After rebooting and loading up the newly installed system, I am unable to get a network connection.

The system automatically added to /etc/rc.conf:


```
ifconfig_em0="DHCP"
```

So what is the BSDinstall application running to configure the network during install that I need to do to get a connection after the install?


----------



## SirDice (Nov 29, 2011)

bigtoque said:
			
		

> So what is the BSDinstall application running to configure the network during install that I need to do to get a connection after the install?


There isn't any.

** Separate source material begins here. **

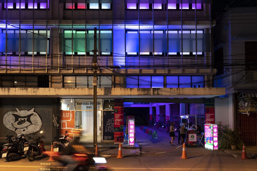 ปิดท้ายที่ ธน-อาคาร หนึ่งในสถานที่จัดงานไฮไลต์ของเทศกาลฯปีนี้ แต่ก่อนเคยเป็นที่ตั้งของธนาคารพาณิชย์ชื่อดัง เป็นอาคารที่มีฟาซาด (facade) ที่ผิวหน้าของอาคารมีลวดลายคล้ายรวงข้าว ซึ่งเป็นจุดเด่นของอาคารแห่งนี้และยังเป็นมรดกทางสถาปัตยกรรมยุคโมเดิร์นของย่านนี้ด้วย ที่ผสมผสานกับโชว์สนุกๆ ของกลุ่มศิลปิน Decide Kit ผู้อยู่เบื้องหลังของงาน แสง-สี-เสียง กับโปรเจ็กต์ ‘เปิ้ลสานฉัน’ ที่จะมาสร้างสรรค์เรื่องราวของงานจักสาน ซึ่งเป็นการค้าขายที่เคยรุ่งเรืองในอดีตให้กลับมามีสีสันอีกครั้ง ด้วยดิจิทัลอาร์ตรูปแบบใหม่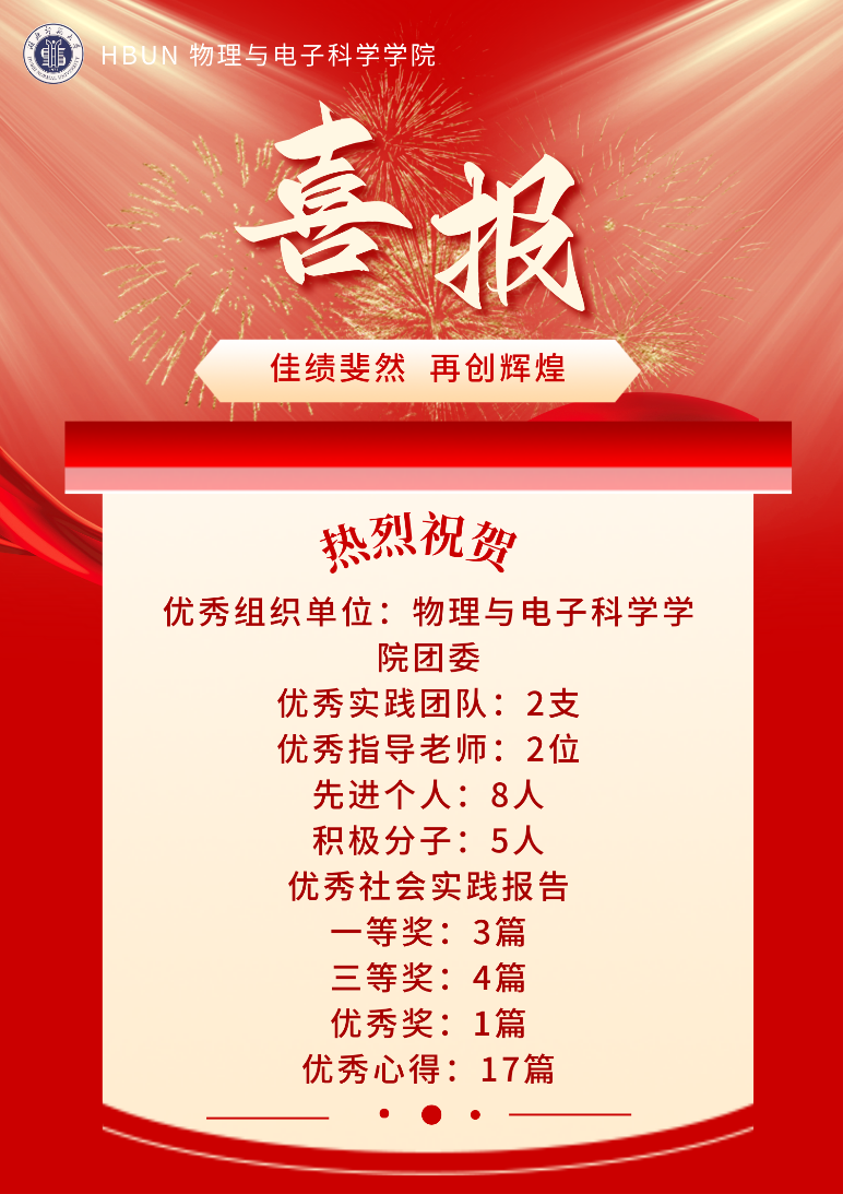 再次祝贺此次暑期社会实践活动获奖的学院师生们!未来,太阳集团tyc33455将进一步加强实践育人工作成效,鼓励青年学子带着责任与使命扎根中国大地,以青春之我,筑强国之基,奋力书写为中国式现代化挺膺担当的青春篇章。

You use tools like dhclient(8), ifconfig(8) and route(8).

Can you post the output of dmesg(8) just after boot?


----------



## wblock@ (Nov 29, 2011)

bigtoque said:
			
		

> I'm trying to get FreeBSD 9-RC2 running in VirtualBox and during the install (using the net install iso), I am able to get a network connection and the install works.
> 
> After rebooting and loading up the newly installed system, I am unable to get a network connection.



Could you be more specific about what you mean by that?  What errors?  If you're testing with ping... well, pings don't make it through VirtualBox's NAT.  So try another protocol.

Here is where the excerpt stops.